И оглянулся на нас с Кирьяком – а мы согласно кивнули, хотя мало поняли; и я сообразил, что теперь самое время подать голос.
– Как хотите, – сказал я, – а Марью надо предупредить.
Птицеловы уже вытаскивали из торбы свои сети, хитроумно сложенные; вид этих сетей меня неприятно поразил; они были темны от крови.
– Марья знает, – негромко возразил Кирьяк. – Сёстры наверняка рассказали.
– Может, рассказали, – возразил я, – а может – нет. А я – расскажу теперь. Иначе выйдет нечестно.
– Не надо, – сказал Митроха. – Не ходи в дом. Будет лучше, если она не узнает.
– Кому – лучше? – спросил я.
Митроха промолчал. Но не промолчал Кирьяк; я такого от него не ожидал.
– Не ходи, – сказал он. – Испортишь дело.
– Зато себя не испорчу, – ответил я. – И тебя заодно, как товарища. Или ты мне не товарищ?
Я видел: рыжий Кирьяк не уверен в успехе затеи. И старый Митроха тоже.
И птицеловы, может быть, тоже не были уверены в успехе – но им было заплачено.
И я, и старик Митроха, и дружила мой Кирьяк, и черноликие мужи скверного ремесла – понимали, что нелюдь, если захочет, легко убьёт нас всех.
И, далее, может убить и сестёр.

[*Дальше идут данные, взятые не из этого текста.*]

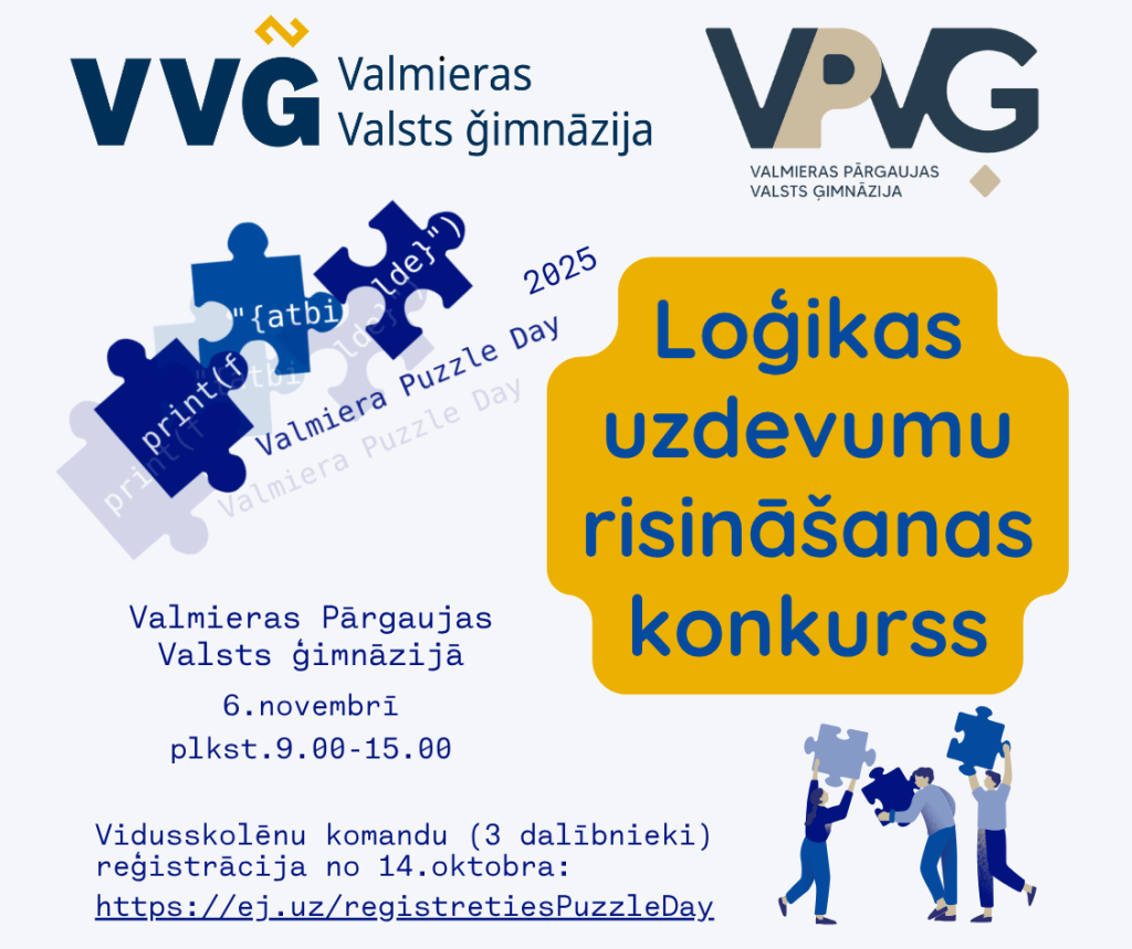 Nu jau 3. reizi Valmieras novada vidusskolēniem ir iespējas apliecināt savas komandas sadarbības prasmes un loģiskās domāšanas spējas aizraujošās komandu sacensībās “Valmiera Puzzle Day”.

И кузнеца.
И разнести по брёвнышку весь его дом.
Но птицеловы получили деньгу, мы с Кирьяком – дали сёстрам честное слово, а Митроха – согласился не только соучаствовать, но и возглавить.
С одной стороны, это было опасно и даже, наверное, глупо. С другой стороны – настоящая охота и есть драка с неизвестным концом. Кто кого? Пятеро обыкновенных, с сетями, ножами и дубинами, – или один необыкновенный?
Бить в бубен – тоже охота. Погоня.
Спеть песню, прочитать быль, откричать глуму – всё есть охота, преследование восторга.
И я отправился к дверям кузнецова дома, постучал осторожно, согнутым пальцем, и спустя малое время дверь открылась, словно меня ждали.
Обе старшие сестры стояли за порогом, обе – с ножами в руках, бледные и решительные.
– Позовите Марью, – попросил я шёпотом.
– Пройди, – ответила средняя и отошла вбок.
Я вошёл.
Дом был огромный и сложно устроенный. На глаз, он был собран уже как лет сто, из громадных, в полтора обхвата, небрежно обтёсанных – теперь так не делают – брёвен. В передней части – горница, очаг из мощных, чёрных от копоти валунов, от них ещё исходил тонкий ток тепла: дрова жгли совсем недавно; над очагом – широкий дымник, по стенам в два ряда – полки с посудой. В задней части – три особных хоромины, разделённых перегородками из более тонких брёвен. В таких домах всегда очень сухо и нигде не бывает ни пятнышка плесени. Мох, которым были на совесть пробиты щели, высох и омертвел задолго до рождения сестёр и обратился в белёсые, тут и там торчащие пучки волокон.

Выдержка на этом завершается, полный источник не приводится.